Ten years later, Monkey Business Café boasts a real kitchen, complete with a grill, refrigerators and three waffle irons to make the café’s signature waffles. The café now serves breakfast, lunch and dinner and includes a catering business.

But the nonprofit’s mission remains the same: to provide job training to foster teens and at-risk youth so they can become self-sufficient young adults.

Ian Layman and Jesse Flores were both Hart Community Homes foster kids who ended up at Monkey Business.

The restaurant didn’t exist when Layman “aged out” of foster care. Facing the adult world was daunting for him.

“In Orange County, you have people in their 30s who still live with their parents, but (foster kids) are half that age and on their own,” he said. “You have to grow up fast.”

Layman did a stint in the Navy, worked at some bars and went to audio engineering school, but something was missing.

He talked to Hart-Bunevith about Monkey Business and she invited him to join the staff. He now works the front of the house and is a mentor to the trainees.

Layman, now 32, said the job gives him the purpose he lacked in his other work, as he watches the trainees learn and grow in self-confidence.

“It’s a very productive way to give back to the community,” he said.

Flores was one of the first Monkey Business trainees back in the microwave-blender days. He left for community college, but dropped out when he couldn’t afford school and rent. After a series of jobs in retail and construction project management, he found himself back at Monkey Business.

He teaches the trainees everything from breaking down boxes, to cooking, inventory control and customer service. More than anything, he said he can show them by his example that even with setbacks, they can succeed.

“I see myself in them,” he said. “I know what it means to be neglected.”
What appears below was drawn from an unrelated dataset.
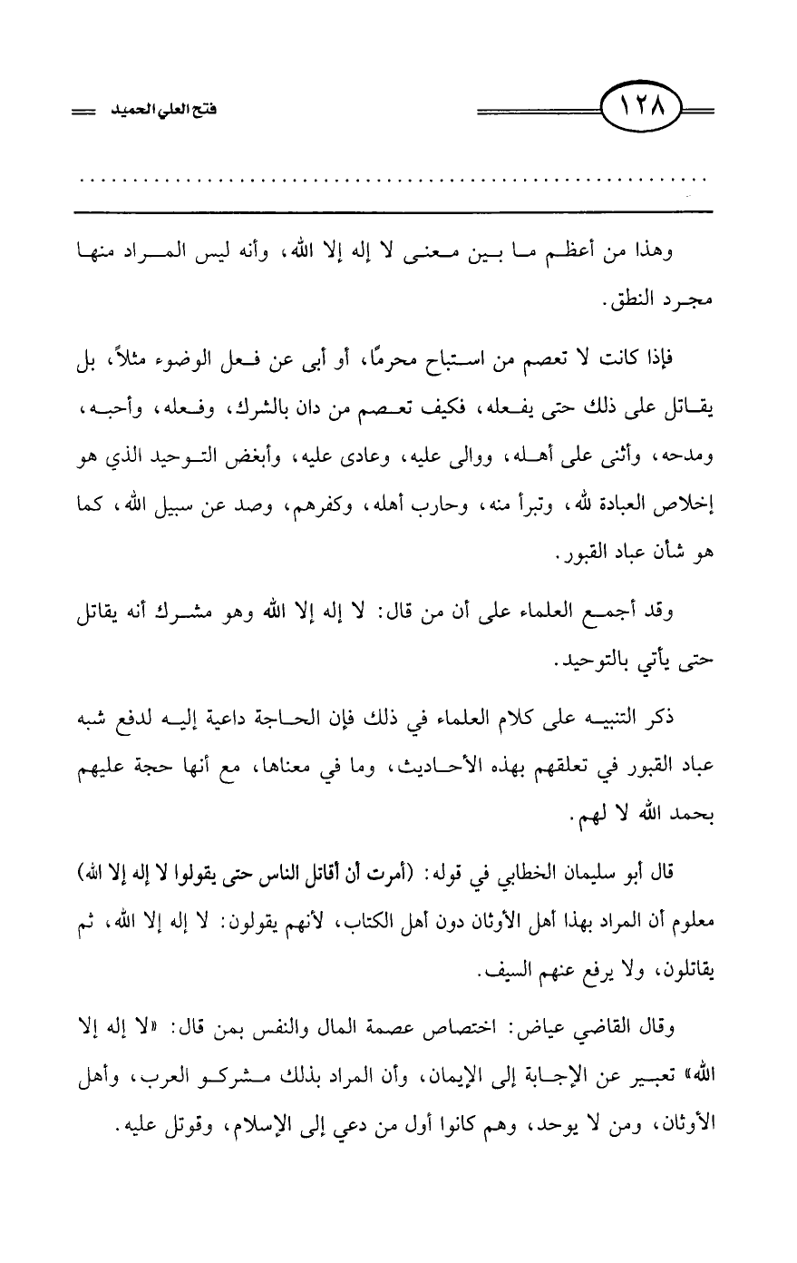 فإذا كانت لا تعصم من استباح محرمًا، أو أبى عن فعل الوضوء مثلاً، بل يقاتل على ذلك حتى يفعله، فكيف تعصم من دان بالشرك، وفعله، وأحبه، ومدحه، وأثنى على أهله، ووالى عليه، وعادى عليه، وأبغض التوحيد الذي هو إخلاص العبادة لله، وتبرأ منه وحارب أهله، وكفرهم، وصد عن سبيل الله، كما هو شأن عبَّاد القبور.

Hart-Bunevith’s nonprofit raises $120,000 yearly to provide a salary and six months of training to about 40 young people. Edison International, parent company of Southern California Edison (SCE), has contributed financially to the program since 2011.

Edison’s philosophy of giving is that all people should have opportunities to do well,” said Tammy Tumbling, SCE director of Philanthropy and Community Investment. “That is why we contribute to nonprofit organizations like Monkey Business Café that help meet the needs of underserved communities.”